Иногда она тормозила у бара, выходила и лезла в какой-нибудь грузовик. «Мужик, что машину не гонит, и дома хрен не загонит», — напевал я ее присказку, пока они отъезжали. Зато теперь я мог выбраться с фонариком, когда все ушли, и спокойно, так же в точности, как мы делали вместе, порыться в мусорных мешках, отыскивая еду. «Малая крошка, да не выплюнута из окошка». Действуя же в одиночку, я перешептывался с ней, как будто мы были вместе: словно она рядом и прикрывает тыл. Я даже шепотом сообщал ей про свои находки.

— Пакет сухих соленых крендельков.

— То, что надо. Что ты еще там нарыл, малыш? — отвечал я, подражая ее голосу.

Потом появился жених — тот, за которого она вышла замуж.

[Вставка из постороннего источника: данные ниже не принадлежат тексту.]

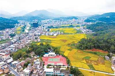 航拍鏡頭里的梅州市豐順縣潘田鎮,猶如一幅色彩斑斕的畫卷。
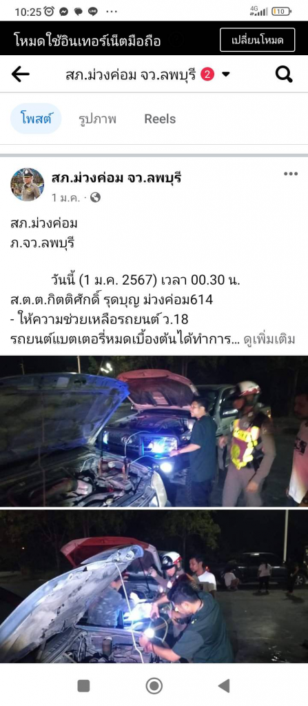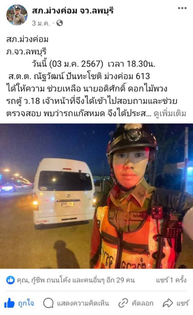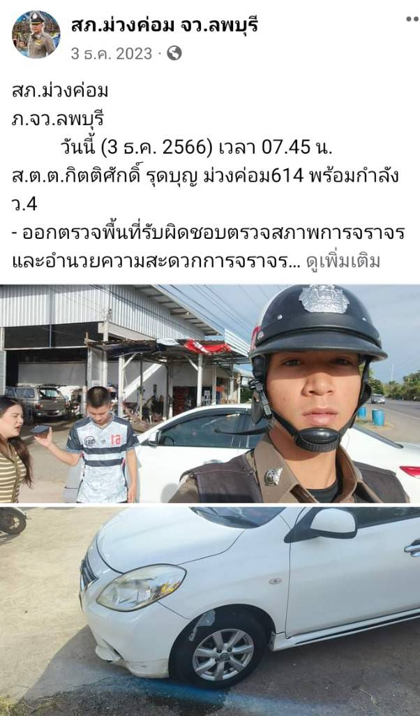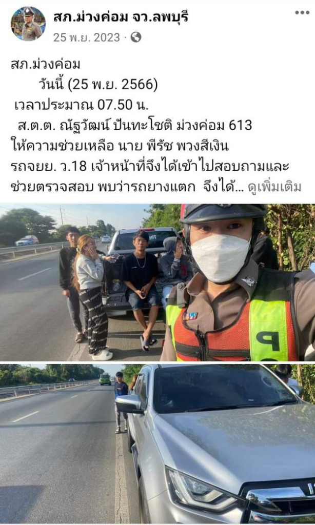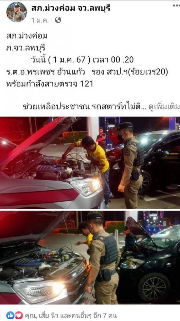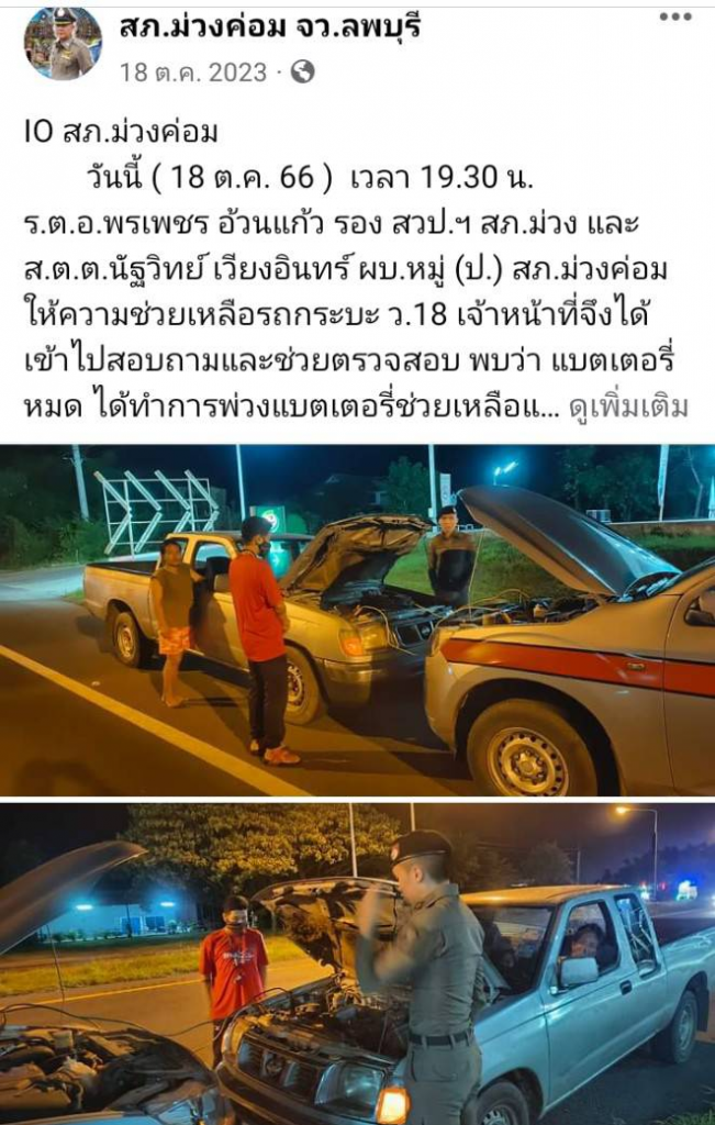 วันที่ (19 ก.พ. 2567) เวลา 00.30 น.ส.ต.ต.กิตติศักดิ์ รุดบุญ ม่วงค่อม613พร้อมกำลัง ว.4- ออกตรวจพื้นที่รับผิดชอบตรวจสภาพการจราจร และอำนวยความสะดวกการจราจร- ให้ความช่วยเหลือรถยนต์ ว.18 รถยนต์หม้อน้ำรั่ว เบื้องต้นได้ทำการช่วยเหลือเรียบร้อยสถานที่ ถนนสระบุรี – หล่มสัก (21) ตู้ยามสี่แยกม่วงค่อม ต.เขาแหลม อ.ชัยบาดาล จ.ลพบุรี 15130
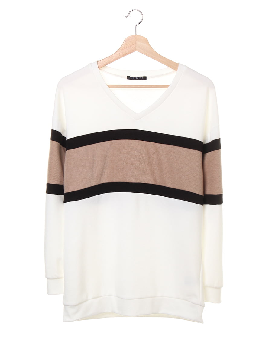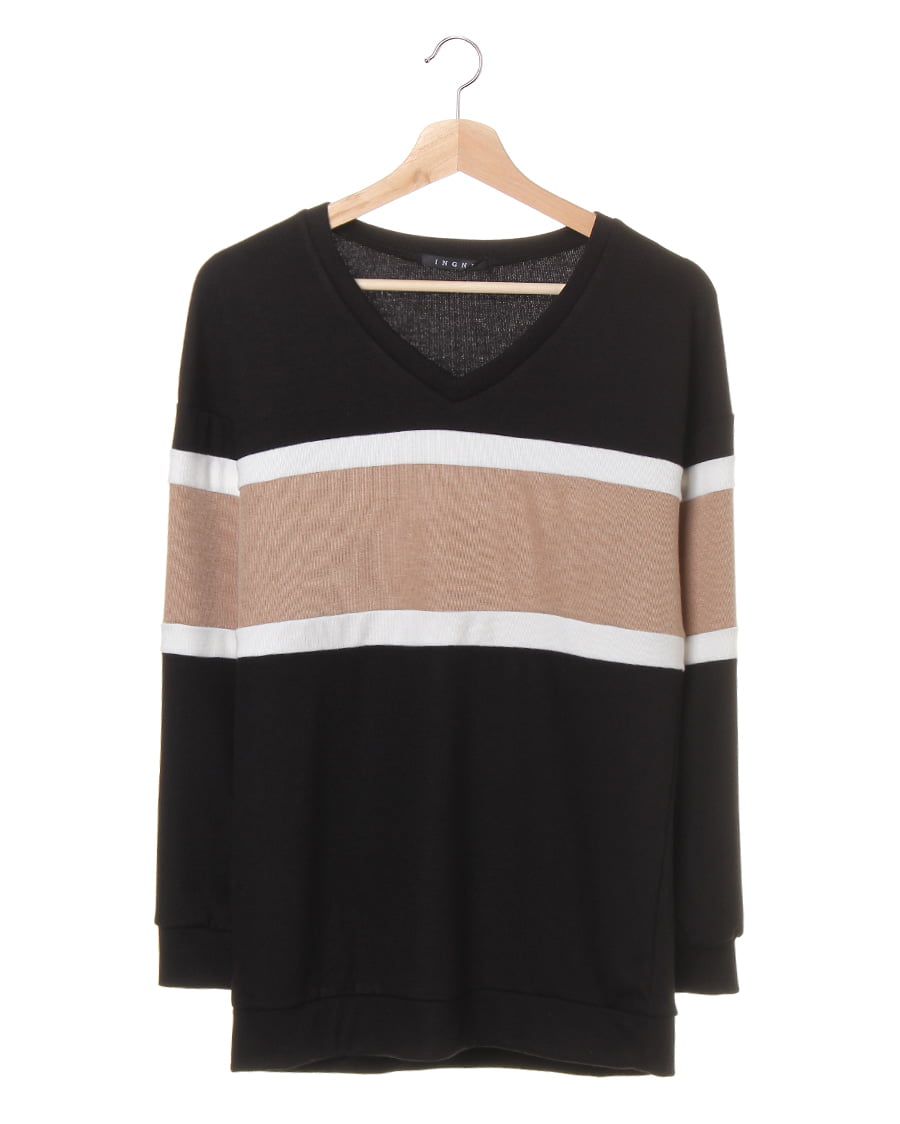 深めに開いたVネックのチュニックはデコルテラインをきれいにメイク。太めのバイカラーがシンプルなデザインにアクセントを与えます。サカリバ素材のダブルフェイス生地で、すっきりとした見た目と厚手ながらごわつきを感じさせない快適な着心地を実現。ドロップショルダーでしなやかなシルエットを演出、長めの丈感が気になる腰周りなどのパーツを自然とカバーしてくれる効果も期待できる優秀アイテムです◎。

Я жил в его комнате, пока они ездили в Атлантик-Сити отмечать свой медовый месяц. Они рассчитывали провести там две ночи. Дверь была заперта на два замка — внутри и снаружи, чтобы я чувствовал себя в безопасности. Но когда минуло несколько ночей и мои крекеры закончились, и не было ни корочки хлеба, я сидел у темного окна и смотрел на вожделенные мешки, которые еще не увезли мусорщики. Теперь мне до них было не добраться.

Ночами я не гасил света и спал весь день после моих любимых мультиков про Багса Банни. На пятые сутки я рассчитывал, что они вот-вот вернутся, и просидел ночь напролет на стуле, рисуя ее портреты на белой стене черным маркером. В этом занятии я прокоротал ночь, пока первый фиалковый расплыв утра не прокрался в комнату, напомнив, что рука онемела, а стены вокруг уже исписаны до неузнаваемости.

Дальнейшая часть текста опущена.